For SpaceX, that means that the basic ability to commercially operate Starlink is fundamentally at risk unless the company can somehow launch a minimum of 2213 (and up to ~5950) Starlink satellites between 2018 and 2024, an almost unfathomable challenge. Assuming ~500kg per satellite and perhaps 20 satellites per Falcon 9 launch, completing 50% of Starlink by 2024 would demand – without interruption – a minimum of one launch every two weeks for five years, mid-2019 to mid-2024. As such, every month spent prototyping and refining can essentially be viewed as a month where SpaceX didn’t launch dozens of Starlink satellites in pursuit of initial operational capabilities.
The news coming from Reuters’ reporting is ultimately a very positive look at Starlink, aside from Musk’s characteristically brusque and uncompromising approach to program management and leadership.
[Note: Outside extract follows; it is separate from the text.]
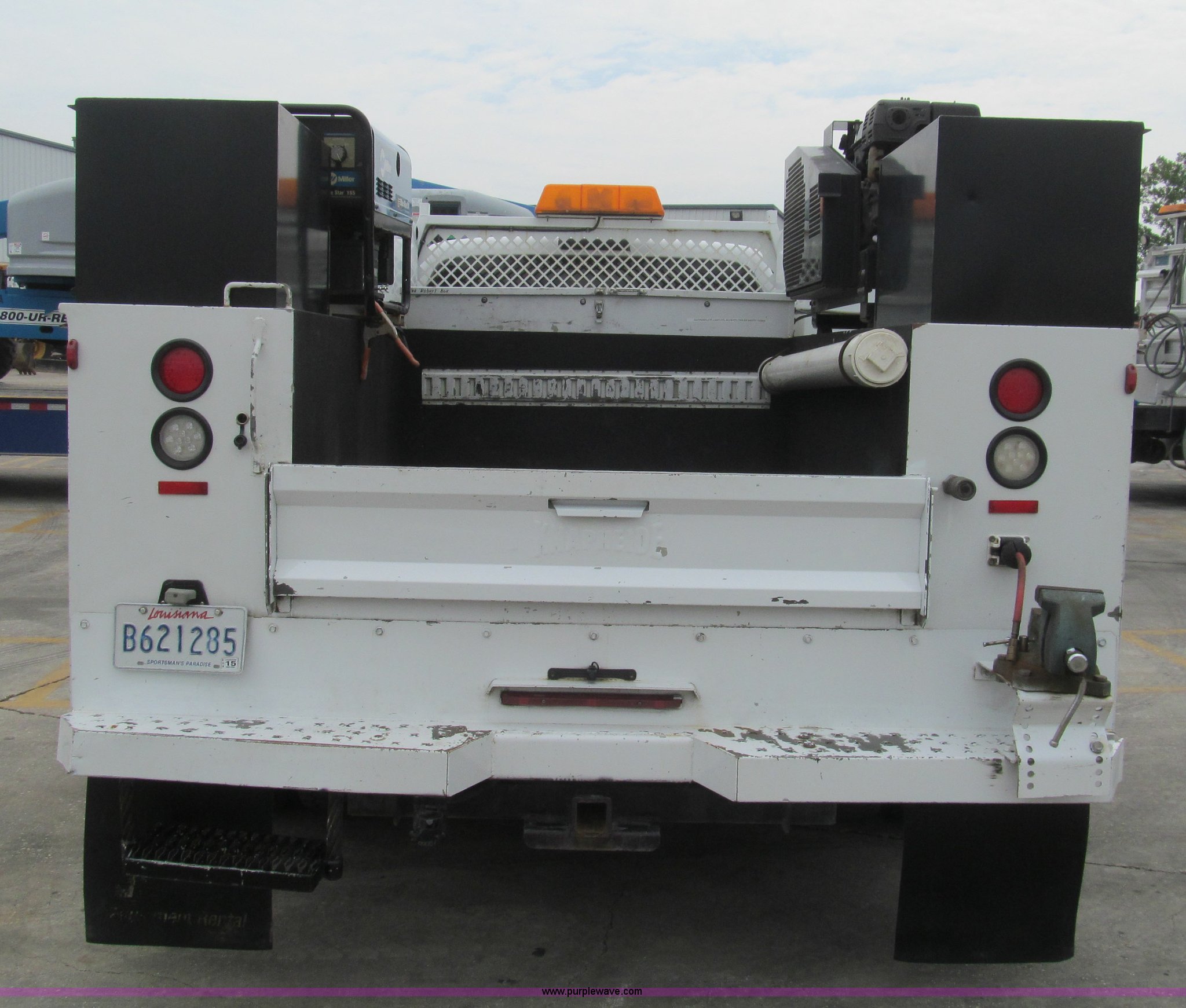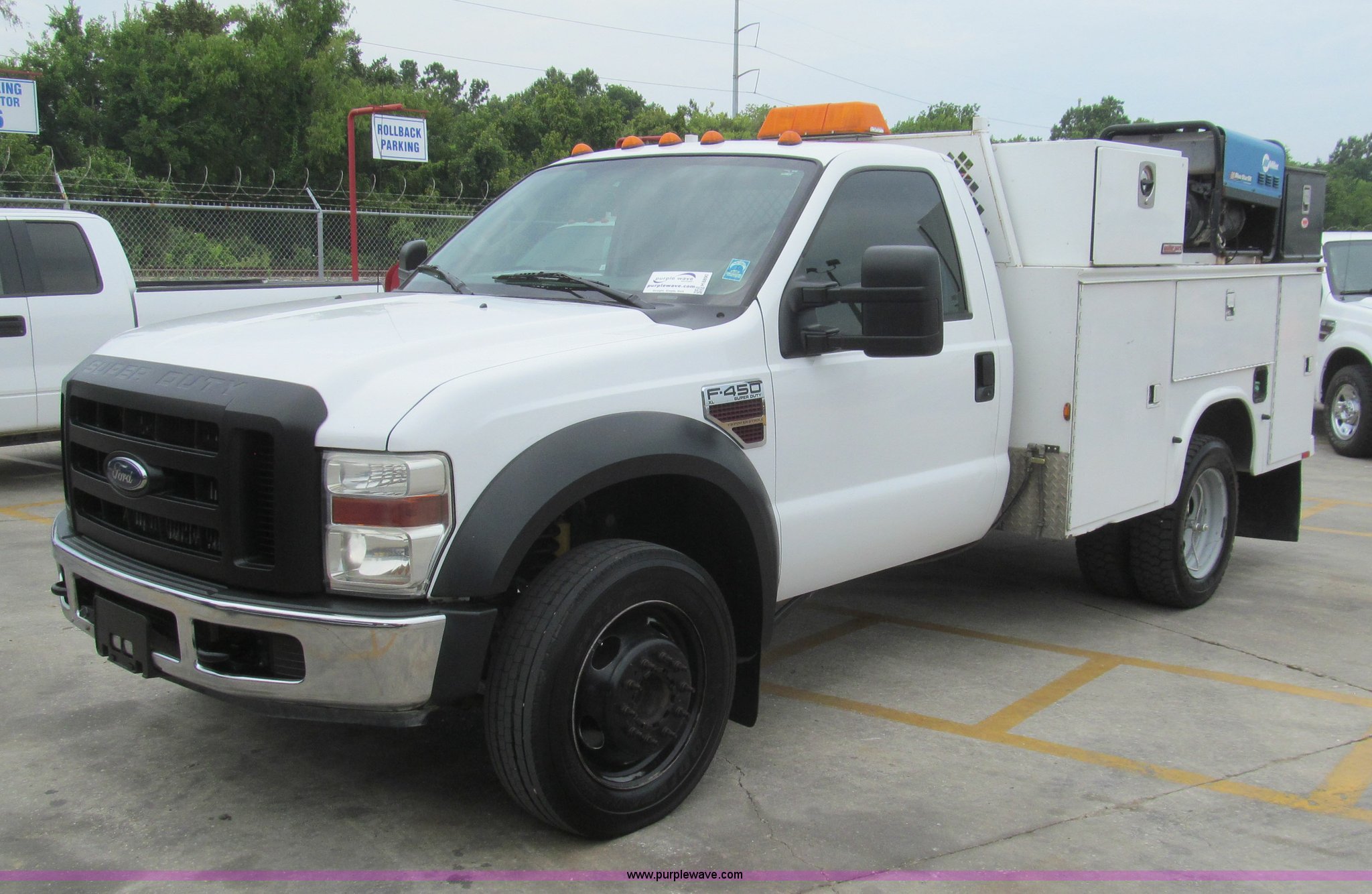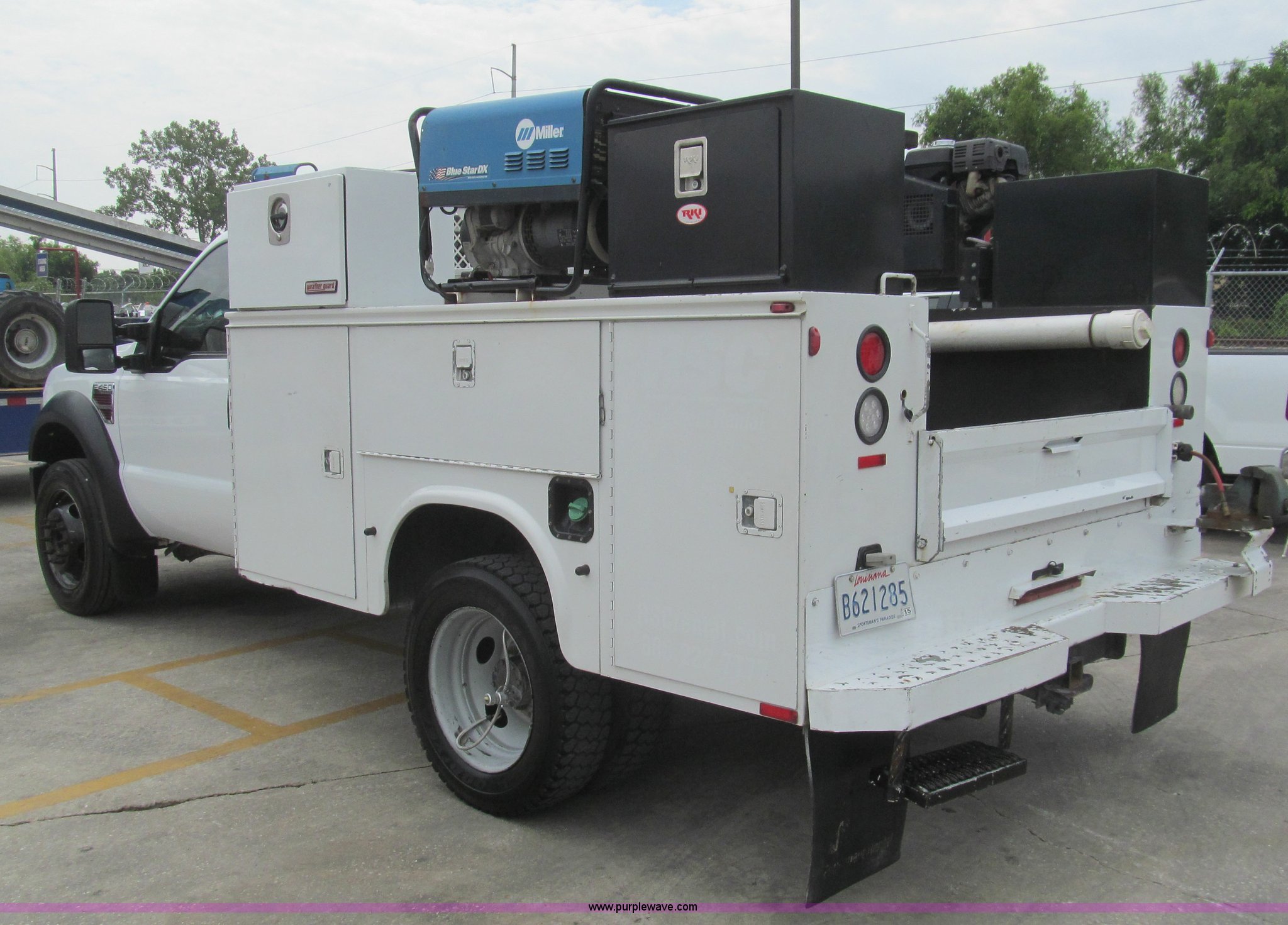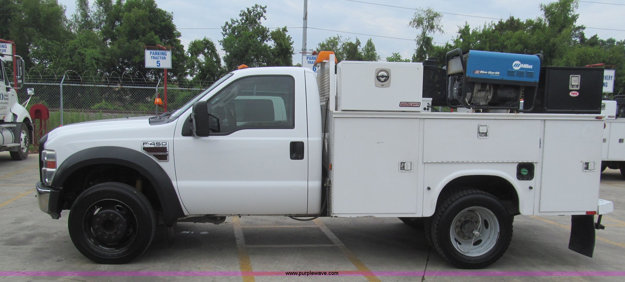 Purple Wave is selling a used Service Truck in Louisiana. This item is a 2008 Ford F450 Super Duty XL service truck with the following: 116,067 actual miles, 6.4L V8 OHV 32V turbo diesel engine, Automatic transmission, AC and heat, Tilt, Cruise, Pioneer AM/FM/CD, Touch screen, Manual windows and locks, Vinyl interior, Auxiliary control switches, Front tow hooks, Front auxiliary power outlet, Knapheide utility bed, (6) storage compartments, Toolboxes, 5" vise, Miller BlueStar 185 welder/generator, 22 hours on meter, Kohler 12.75 HP gas engine, CC/DC, 6,000 watt, Champion air compressor, Honda gas engine, Hose, reel, and nozzle assembly, Graco oil system, Motor oil, hydraulic oil, and grease recovery systems, Mini Fireball pumps, Hose, reel, and nozzle assemblies, Receiver hitch, Trailer wiring, 225/70R19.5 tires, Windshield cracked, EIN 720683RA

Employees spoke proudly of the operational health and overall success of the two Tintin satellites already on orbit, noting that “they’re happy and healthy [and functioning as intended], and we’re talking with them [dozens of times a day] every time they pass a ground station”. Contrary to tenuous evidence to that suggested one of the two satellites had suffered an anomaly, preventing it from operating its electric thrusters, it appears that both satellites are doing just fine.
Up next for Starlink is the launch of a second batch of demonstration satellites, expected to occur “in short order” according to an official SpaceX comment on the matter.
“Given the success of our recent Starlink demonstration satellites, we have incorporated lessons learned and re-organized to allow for the next design iteration to be flown in short order.” – SpaceX spokesperson Eva Behrend
Musk’s ultimate hope with this reorganization is to push Starlink to begin operational satellite launches as early as mid-2019, an ambitious goal to say the least. Understandably, the intent with such an expedited schedule would be to continuously modify, update, and improve Starlink satellite, terminal, and network designs at the same time as they are being built and operated. Much like SpaceX and Tesla, this helps to ensure that the ultimate result of development is a rapid initial product offering eventually followed by a highly-optimized ‘finished’ product.